Data records ::
----

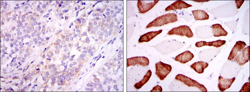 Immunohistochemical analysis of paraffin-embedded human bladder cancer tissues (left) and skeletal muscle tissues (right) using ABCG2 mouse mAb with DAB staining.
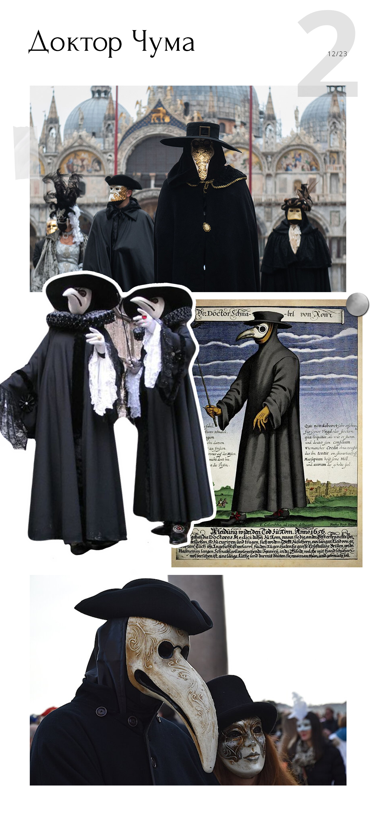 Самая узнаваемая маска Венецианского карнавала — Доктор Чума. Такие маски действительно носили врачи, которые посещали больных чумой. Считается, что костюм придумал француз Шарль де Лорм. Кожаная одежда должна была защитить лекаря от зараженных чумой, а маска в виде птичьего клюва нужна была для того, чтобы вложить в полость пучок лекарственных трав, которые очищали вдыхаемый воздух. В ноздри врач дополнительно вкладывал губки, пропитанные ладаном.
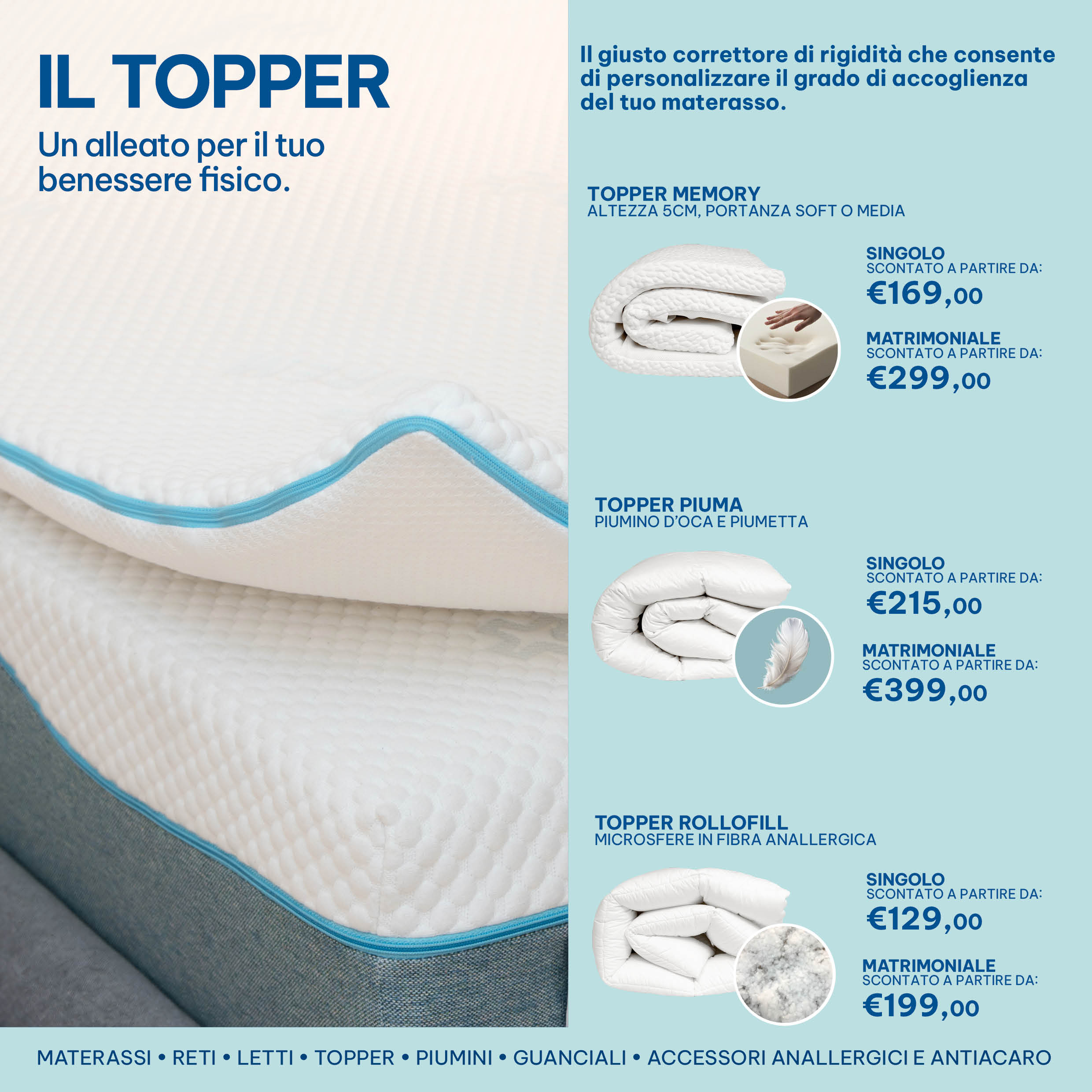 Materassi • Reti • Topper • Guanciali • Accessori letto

----

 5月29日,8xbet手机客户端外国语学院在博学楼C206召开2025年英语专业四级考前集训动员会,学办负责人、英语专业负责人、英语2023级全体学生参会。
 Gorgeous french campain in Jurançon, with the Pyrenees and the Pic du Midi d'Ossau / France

----

Work order ::
Set down exactly the lines above, from the line containing "Самая узнаваемая маска" through the line containing "Materassi • Reti". Skip the pictures.

Exercise solution ::
 Самая узнаваемая маска Венецианского карнавала — Доктор Чума. Такие маски действительно носили врачи, которые посещали больных чумой. Считается, что костюм придумал француз Шарль де Лорм. Кожаная одежда должна была защитить лекаря от зараженных чумой, а маска в виде птичьего клюва нужна была для того, чтобы вложить в полость пучок лекарственных трав, которые очищали вдыхаемый воздух. В ноздри врач дополнительно вкладывал губки, пропитанные ладаном.
 Materassi • Reti • Topper • Guanciali • Accessori letto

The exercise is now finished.